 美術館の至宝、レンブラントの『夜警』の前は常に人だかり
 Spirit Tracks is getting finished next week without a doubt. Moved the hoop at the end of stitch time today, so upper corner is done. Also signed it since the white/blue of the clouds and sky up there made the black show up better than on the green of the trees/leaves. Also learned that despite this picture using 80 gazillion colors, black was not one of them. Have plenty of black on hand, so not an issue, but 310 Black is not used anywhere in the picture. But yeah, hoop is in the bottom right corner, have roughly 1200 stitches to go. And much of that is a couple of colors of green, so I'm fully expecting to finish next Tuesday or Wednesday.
--
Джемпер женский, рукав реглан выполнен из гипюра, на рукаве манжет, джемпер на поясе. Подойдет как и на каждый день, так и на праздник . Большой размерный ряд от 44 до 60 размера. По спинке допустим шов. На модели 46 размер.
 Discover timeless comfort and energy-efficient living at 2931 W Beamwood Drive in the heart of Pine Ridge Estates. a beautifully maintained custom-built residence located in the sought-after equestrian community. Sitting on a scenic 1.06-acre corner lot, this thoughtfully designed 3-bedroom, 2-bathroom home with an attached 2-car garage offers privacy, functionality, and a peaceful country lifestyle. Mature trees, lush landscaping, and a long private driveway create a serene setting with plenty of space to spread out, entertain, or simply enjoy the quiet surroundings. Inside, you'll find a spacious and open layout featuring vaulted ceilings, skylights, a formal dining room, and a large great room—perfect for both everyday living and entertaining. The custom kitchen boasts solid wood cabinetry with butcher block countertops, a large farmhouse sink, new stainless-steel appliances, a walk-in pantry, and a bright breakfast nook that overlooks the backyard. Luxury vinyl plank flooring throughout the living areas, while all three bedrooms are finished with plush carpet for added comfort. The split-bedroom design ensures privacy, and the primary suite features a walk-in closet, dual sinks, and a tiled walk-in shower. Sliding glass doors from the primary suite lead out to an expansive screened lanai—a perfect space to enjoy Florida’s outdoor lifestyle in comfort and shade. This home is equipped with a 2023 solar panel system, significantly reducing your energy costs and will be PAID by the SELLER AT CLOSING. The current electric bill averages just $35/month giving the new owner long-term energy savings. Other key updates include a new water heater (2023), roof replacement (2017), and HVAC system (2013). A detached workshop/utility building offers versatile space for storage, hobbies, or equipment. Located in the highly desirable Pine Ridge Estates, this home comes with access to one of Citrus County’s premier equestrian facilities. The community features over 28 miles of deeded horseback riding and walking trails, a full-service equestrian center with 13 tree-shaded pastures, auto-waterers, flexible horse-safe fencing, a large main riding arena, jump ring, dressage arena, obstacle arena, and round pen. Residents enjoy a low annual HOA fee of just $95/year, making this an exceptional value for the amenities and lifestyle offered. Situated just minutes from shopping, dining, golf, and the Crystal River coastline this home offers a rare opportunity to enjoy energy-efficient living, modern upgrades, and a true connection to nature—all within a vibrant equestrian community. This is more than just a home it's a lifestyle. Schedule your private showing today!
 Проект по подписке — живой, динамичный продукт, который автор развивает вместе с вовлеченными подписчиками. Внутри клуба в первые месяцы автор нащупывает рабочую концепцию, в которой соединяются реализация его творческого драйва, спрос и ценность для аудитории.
---
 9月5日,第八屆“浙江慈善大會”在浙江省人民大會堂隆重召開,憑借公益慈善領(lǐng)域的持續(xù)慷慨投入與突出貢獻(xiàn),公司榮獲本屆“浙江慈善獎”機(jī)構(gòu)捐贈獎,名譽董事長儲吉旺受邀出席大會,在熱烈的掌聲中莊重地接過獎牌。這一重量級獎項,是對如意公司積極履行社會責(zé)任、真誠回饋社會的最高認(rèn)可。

• _Problem to solve_:
Above are records; repeat only the lines starting at the line with "美術館の至宝、レンブラントの『夜警』の前は常に人だかり" and ending at the line with "Spirit Tracks is", exactly as they appear, both included.

• _Result for this exercise_:
 美術館の至宝、レンブラントの『夜警』の前は常に人だかり
 Spirit Tracks is getting finished next week without a doubt. Moved the hoop at the end of stitch time today, so upper corner is done. Also signed it since the white/blue of the clouds and sky up there made the black show up better than on the green of the trees/leaves. Also learned that despite this picture using 80 gazillion colors, black was not one of them. Have plenty of black on hand, so not an issue, but 310 Black is not used anywhere in the picture. But yeah, hoop is in the bottom right corner, have roughly 1200 stitches to go. And much of that is a couple of colors of green, so I'm fully expecting to finish next Tuesday or Wednesday.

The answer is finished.